# Task requirements:
Write out every line of the material as it stands, apart from the pictures.

# Source material:

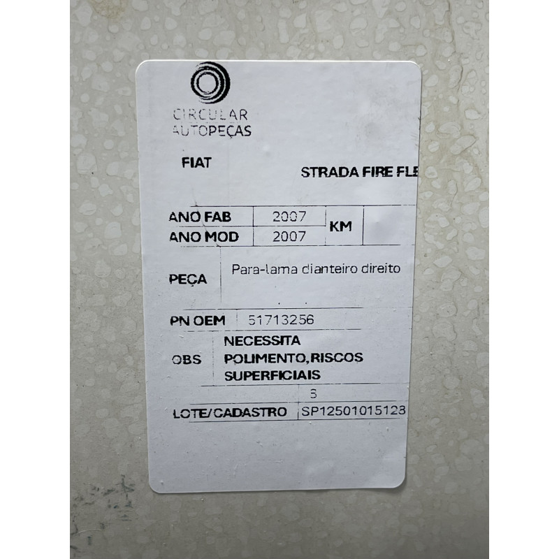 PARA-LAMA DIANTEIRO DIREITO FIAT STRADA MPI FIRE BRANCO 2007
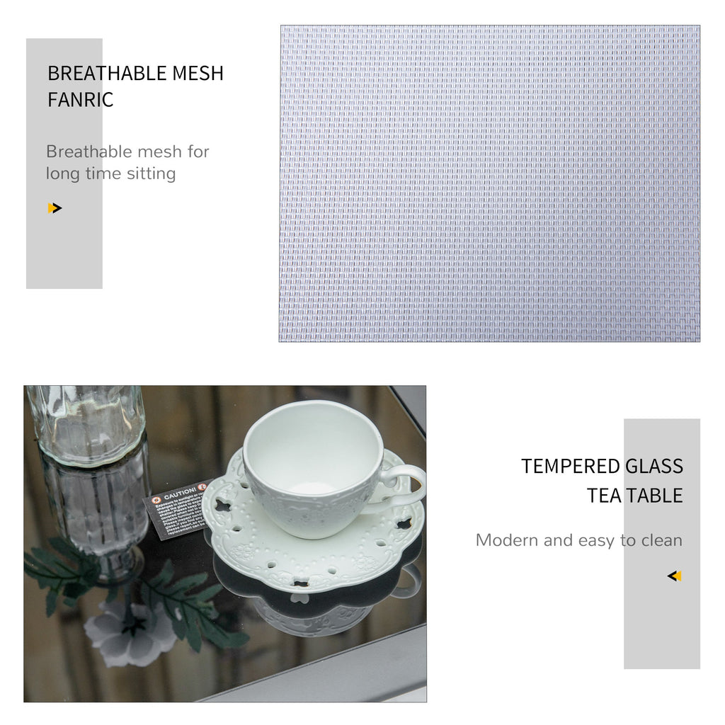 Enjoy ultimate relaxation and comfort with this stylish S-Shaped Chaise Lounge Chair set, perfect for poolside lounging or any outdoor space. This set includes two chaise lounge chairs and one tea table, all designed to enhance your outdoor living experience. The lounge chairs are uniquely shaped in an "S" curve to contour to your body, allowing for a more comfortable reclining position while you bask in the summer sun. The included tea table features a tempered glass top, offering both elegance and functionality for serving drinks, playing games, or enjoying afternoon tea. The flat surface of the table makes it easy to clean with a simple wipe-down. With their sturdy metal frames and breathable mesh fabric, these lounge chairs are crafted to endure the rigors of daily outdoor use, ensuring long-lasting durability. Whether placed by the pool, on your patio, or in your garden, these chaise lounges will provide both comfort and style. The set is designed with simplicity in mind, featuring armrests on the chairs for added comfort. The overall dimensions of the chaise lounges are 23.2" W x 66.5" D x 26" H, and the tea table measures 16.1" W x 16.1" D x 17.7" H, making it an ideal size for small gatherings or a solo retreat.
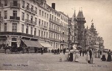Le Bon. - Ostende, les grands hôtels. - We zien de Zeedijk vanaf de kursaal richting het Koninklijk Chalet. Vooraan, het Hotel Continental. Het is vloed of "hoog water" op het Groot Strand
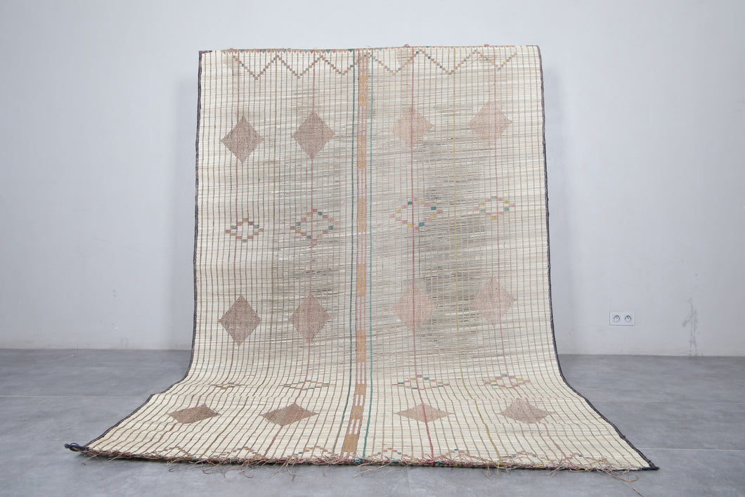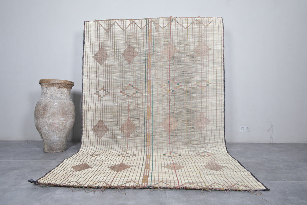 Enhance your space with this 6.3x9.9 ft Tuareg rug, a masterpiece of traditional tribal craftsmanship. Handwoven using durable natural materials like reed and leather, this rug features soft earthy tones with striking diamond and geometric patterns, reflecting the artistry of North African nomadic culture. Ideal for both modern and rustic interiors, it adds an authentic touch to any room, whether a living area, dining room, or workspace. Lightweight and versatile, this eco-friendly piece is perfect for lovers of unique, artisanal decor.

# Task result:
 PARA-LAMA DIANTEIRO DIREITO FIAT STRADA MPI FIRE BRANCO 2007
 Enjoy ultimate relaxation and comfort with this stylish S-Shaped Chaise Lounge Chair set, perfect for poolside lounging or any outdoor space. This set includes two chaise lounge chairs and one tea table, all designed to enhance your outdoor living experience. The lounge chairs are uniquely shaped in an "S" curve to contour to your body, allowing for a more comfortable reclining position while you bask in the summer sun. The included tea table features a tempered glass top, offering both elegance and functionality for serving drinks, playing games, or enjoying afternoon tea. The flat surface of the table makes it easy to clean with a simple wipe-down. With their sturdy metal frames and breathable mesh fabric, these lounge chairs are crafted to endure the rigors of daily outdoor use, ensuring long-lasting durability. Whether placed by the pool, on your patio, or in your garden, these chaise lounges will provide both comfort and style. The set is designed with simplicity in mind, featuring armrests on the chairs for added comfort. The overall dimensions of the chaise lounges are 23.2" W x 66.5" D x 26" H, and the tea table measures 16.1" W x 16.1" D x 17.7" H, making it an ideal size for small gatherings or a solo retreat.
Le Bon. - Ostende, les grands hôtels. - We zien de Zeedijk vanaf de kursaal richting het Koninklijk Chalet. Vooraan, het Hotel Continental. Het is vloed of "hoog water" op het Groot Strand
 Enhance your space with this 6.3x9.9 ft Tuareg rug, a masterpiece of traditional tribal craftsmanship. Handwoven using durable natural materials like reed and leather, this rug features soft earthy tones with striking diamond and geometric patterns, reflecting the artistry of North African nomadic culture. Ideal for both modern and rustic interiors, it adds an authentic touch to any room, whether a living area, dining room, or workspace. Lightweight and versatile, this eco-friendly piece is perfect for lovers of unique, artisanal decor.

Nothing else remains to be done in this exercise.